2月末、クラビのバスターミナルからバンコクまで深夜の長距離バスで向かった。到着はモーチットバスターミナル早朝4時。バイタクで宿まで100バーツだが、急いでも何もできない時間帯だ。時間つぶしも兼ねてBTS最寄りまで約20分暗がりの中歩いて向かうことにした。
日の出前のバンコクに夜明けを知らせる鳥のさえずりが響く。なんとも言えない趣を感じながら、ゆっくりと歩を進めると突如女性の声で呼び止められた気がした。辺りを見回しても人影はない。未明の幹線道路沿いだから当然歩行者など自分だけだ。
ふと目の前の歩道橋を見上げると制服姿の女子学生が取り乱し、叫びながら手すりを乗り越えて転落しそうになっている。一瞬何が起こってるのか自分の中の時が止まる。頭を過ぎったのは「え?麻薬中毒者がキマってる?」しかし、どう見ても10代半ばの目鼻立ちの整った少女そして制服姿。
こんな時間にこんな場所。おおよそ似つかわしくないシチュエーション。
「大丈夫?」と英語で声をかけるが取り付く島もない。言葉の問題というより半狂乱のような号泣してるような、とにかくただ事ではない様子。とっさに通りすがりのバイタクのお兄さんを停めて助けを求める。その間に女性は手すりから転落したが、階段の手すりの外側の軒のような出っ張りに引っ掛かって滑り台を滑り落ちるように道路へ倒れ込んだ。

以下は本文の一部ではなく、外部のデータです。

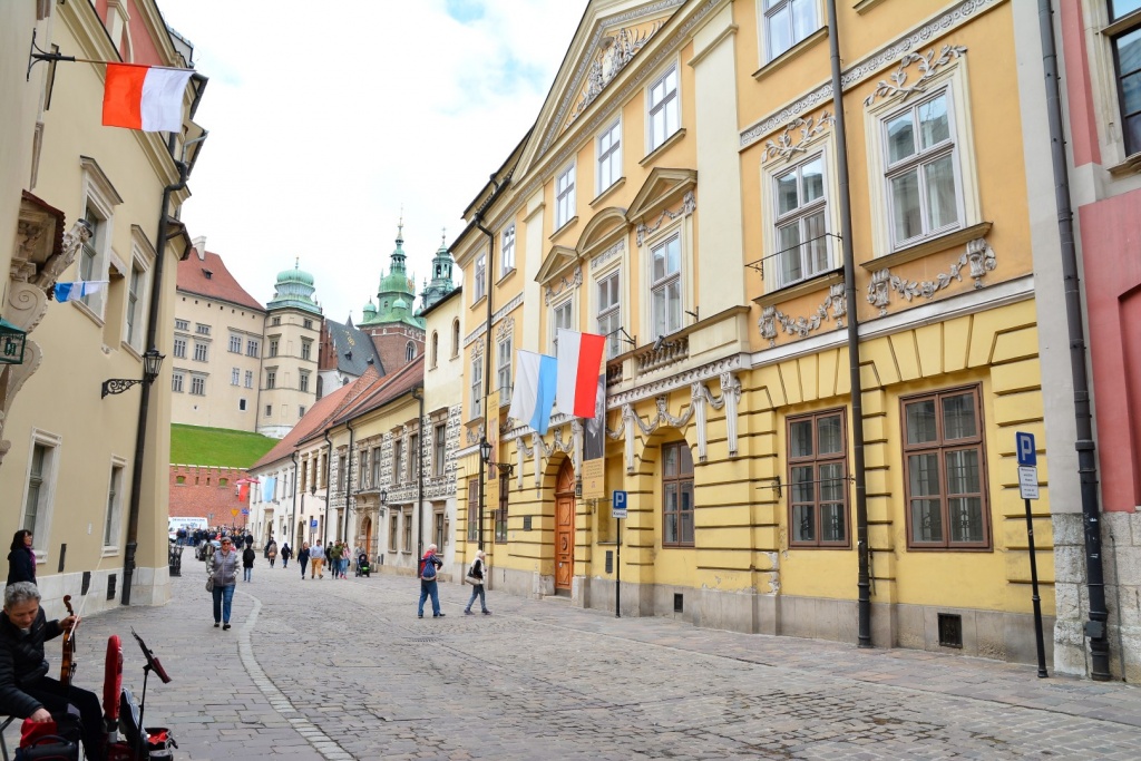 La rue Kanoniksa, et au fond le château perché sur la colline de Wawel.

早朝で交通量は少ないとはいえ、ゆえにスピードを出した車両が脇を次々にすり抜けていく。咄嗟にアイコンタクトを交わしバイタクのお兄さんと女子高生を担ぎ上げて、というより引きずって安全な歩道へ寝かせる。大きな怪我は無いようだが、ひたすら号泣して嗚咽で会話ができる状態じゃない。それから徐々に通行人や清掃員の人が数人集まってくれた。とにかく一安心だ。
ここからは自分が出来ることはないので、地元の人達にお任せして後ろ髪を引かれながらも駅に向かった。この間約10分ほど。

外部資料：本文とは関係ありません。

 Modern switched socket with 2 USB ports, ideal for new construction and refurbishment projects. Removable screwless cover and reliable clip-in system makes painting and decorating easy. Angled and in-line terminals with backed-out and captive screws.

突然の出来事でドキドキが収まらない中、「どの国も行き詰まった若者はいるもんだな」と少し落ち着いてから思い返してみると、身を投げるにしても不可解な事に気が付く。
歩道橋から身を投げると思いきや階段沿いの手すりに捕まりながら滑り落ちてきたことや、道路に倒れ込んだときも車が避けやすい歩道側に意図的に寄っていたこと。そして、その時は正気を失ったように見えたが取り乱しながらもはだけたスカートを直しながら叫んでいたこと。
そもそも飛び降りる前に大声で、まるで「私これから飛びますよ」と周りに知らせるように叫んでいたこと。

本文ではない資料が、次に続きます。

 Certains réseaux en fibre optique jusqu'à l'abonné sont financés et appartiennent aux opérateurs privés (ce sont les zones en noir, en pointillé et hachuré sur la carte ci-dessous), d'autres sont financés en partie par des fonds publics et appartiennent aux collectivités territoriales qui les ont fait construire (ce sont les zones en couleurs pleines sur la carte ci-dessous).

当然真意は分からないが、「構ってアピール」にも見えなくはない。兎にも角にも、大事に至らなくて良かったが早朝の暗がりでビックリの経験をした。
無責任に放ったらかして来た立場であれだけど、まだ人生始まったばかりの可愛らしい少女のその後を案じずにはいられない。多分忘れることのない経験だったと思う。
いや忘ないでおこう。乱れた制服のスカートの下にチラリと見えた内太もものタトゥーと共に。